Template: Klade / Maintenance / Style

literature

  • Peter Ax : The system of Metazoa III. A textbook on phylogenetic systematics. Spectrum Academic Publishing House Heidelberg • Berlin, 2001, ISBN 3-8274-1179-3 .
  • Joseph S. Nelson : Fishes of the World . 4th edition. John Wiley & Sons, 2006, ISBN 0-471-25031-7 .
  • Hans-Peter Schultze: Sarcopterygii, Fleischflosser. In: Wilfried Westheide & Reinhard Rieger : Special Zoology Part 2: Vertebrae and Skull Animals. 1st edition, Spektrum Akademischer Verlag Heidelberg • Berlin, 2004, ISBN 3-8274-0307-3 .
  • Volker Storch, Ulrich Welsch: Systematic Zoology. Fischer, 1997, ISBN 3-437-25160-0 .

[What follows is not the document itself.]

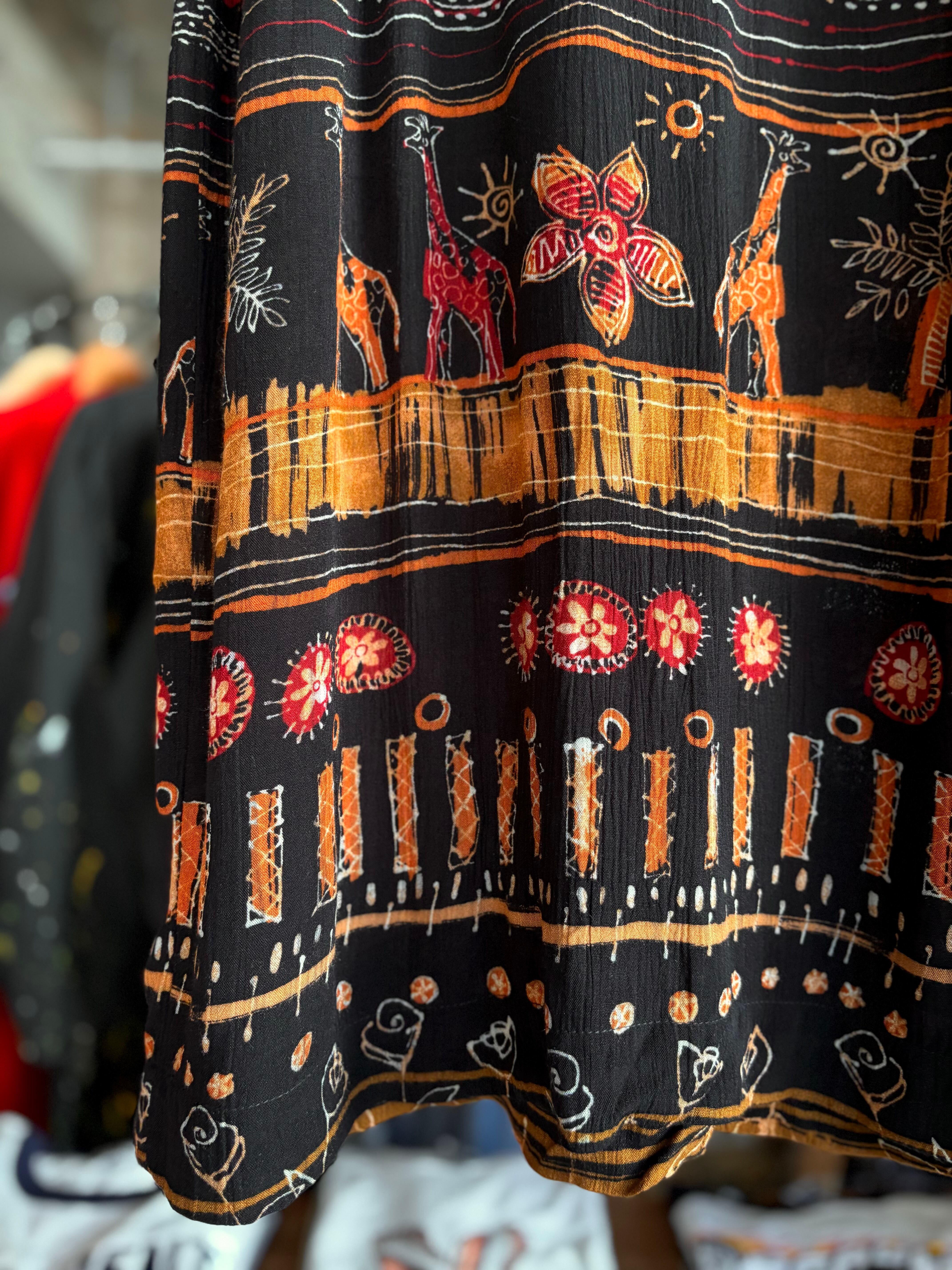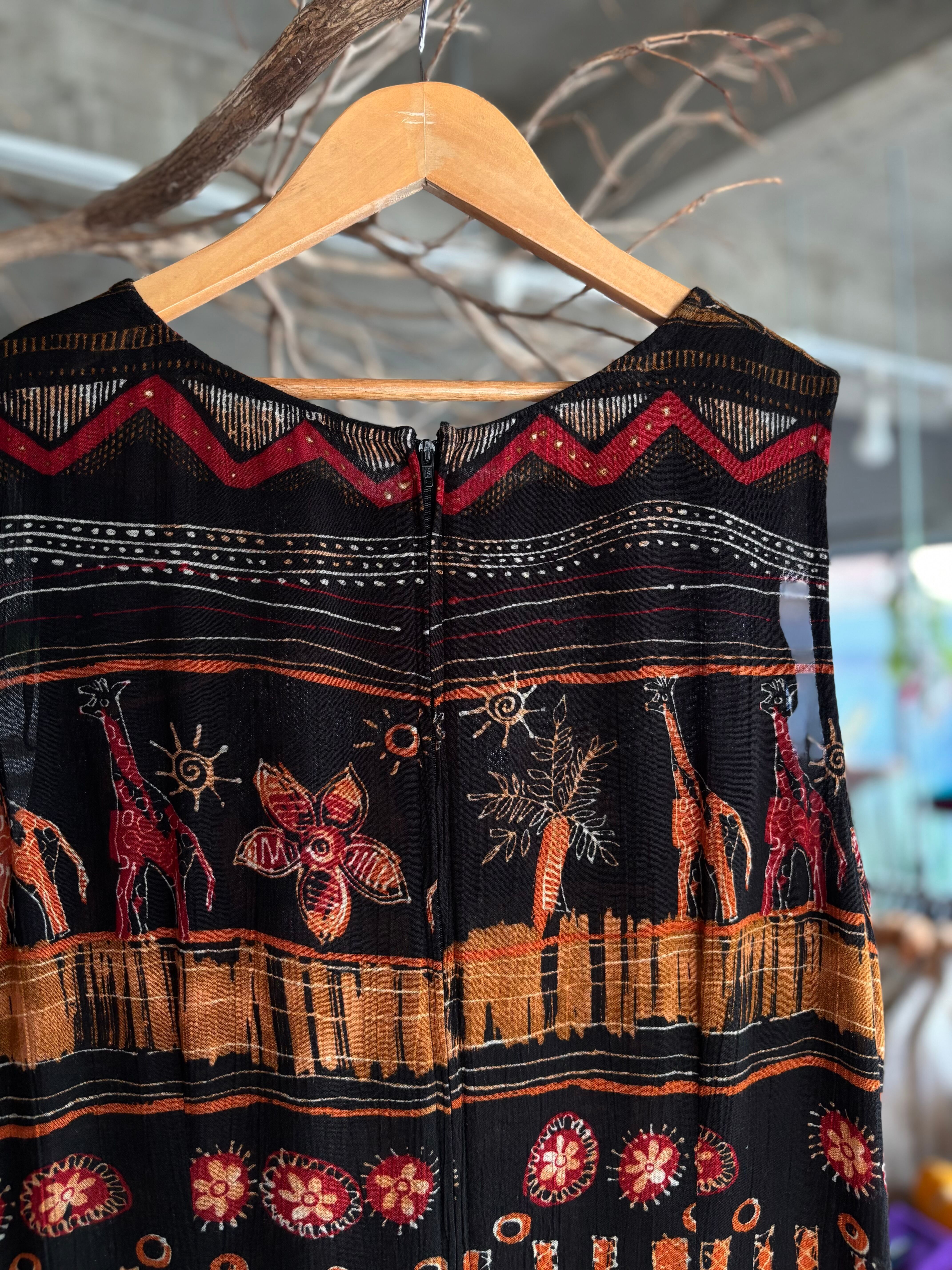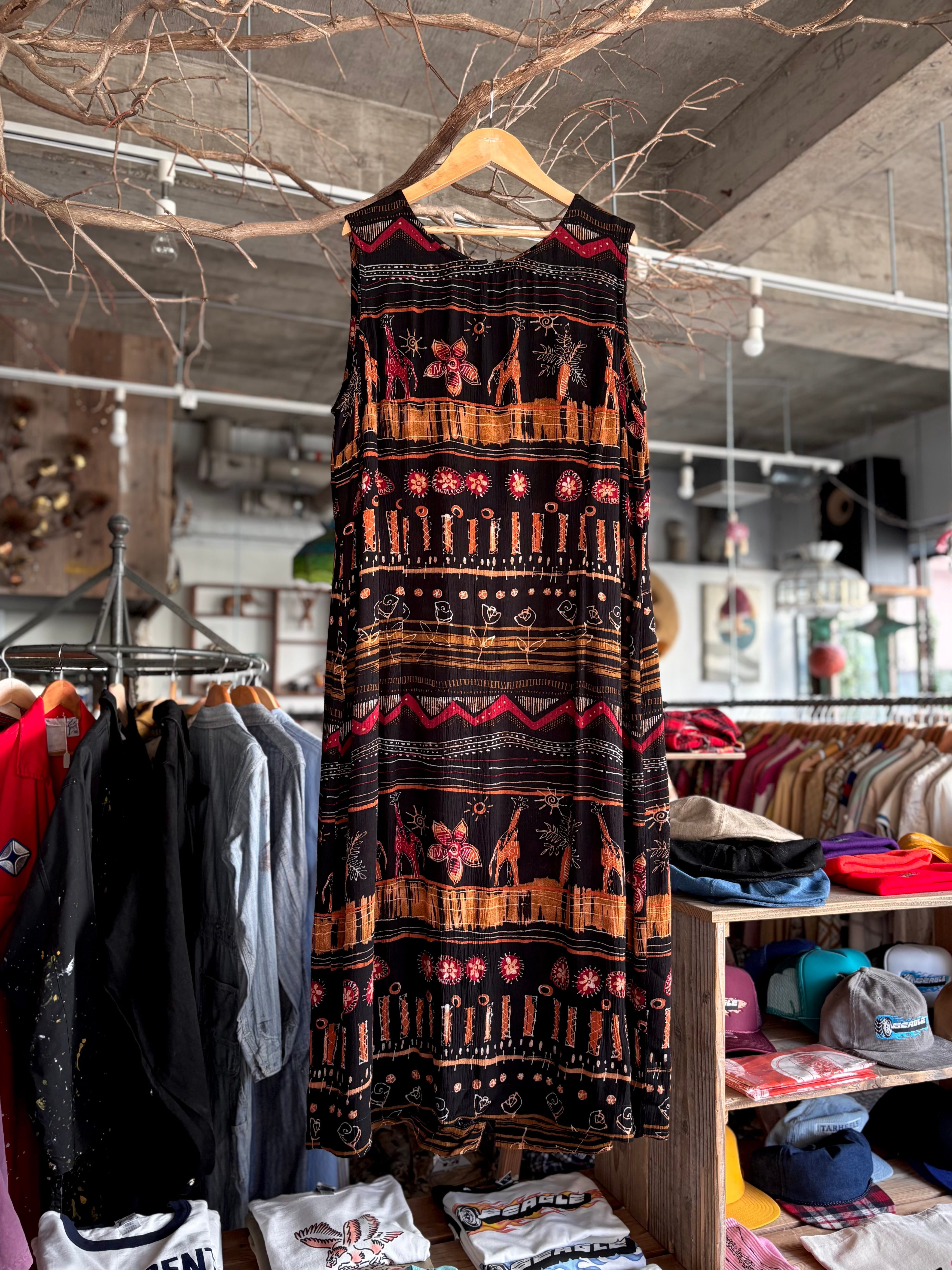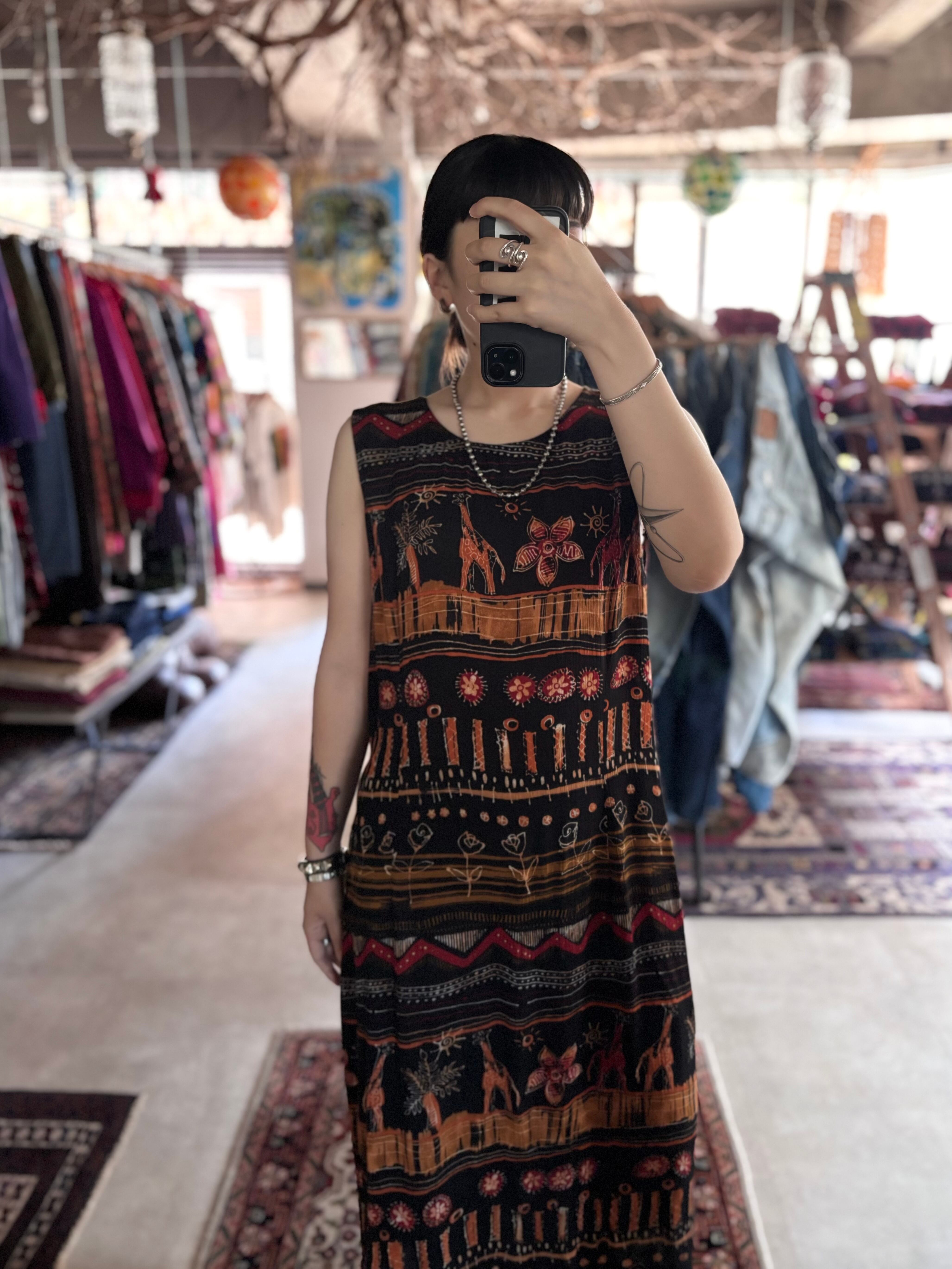 USA MADEのレーヨンワンピース。肌触りの良いレーヨン生地に、絞りの入らないリラックスシルエット。バックジップ仕様に、バックスリット入り。ブラックベースの落ち着いた総柄ファブリック。1枚で着るのはもちろん、レイヤードスタイルにもおすすめです。

  • Brian Swartz: A Marine Stem-Tetrapod from the Devonian of Western North America. PLoS ONE 7, 2012, doi : 10.1371 / journal.pone.0033683 .
  • Yu Xiaobo, Zhu Min & Zhao Wenjin: The Origin and Diversification of Osteichthyans and Sarcopterygians: Rare Chinese Fossil Findings Advance Research on Key Issues of Evolution. Bulletin of the Chinese Academy of Sciences, Paleoichthyology, Vol. 24 No. 2 2010.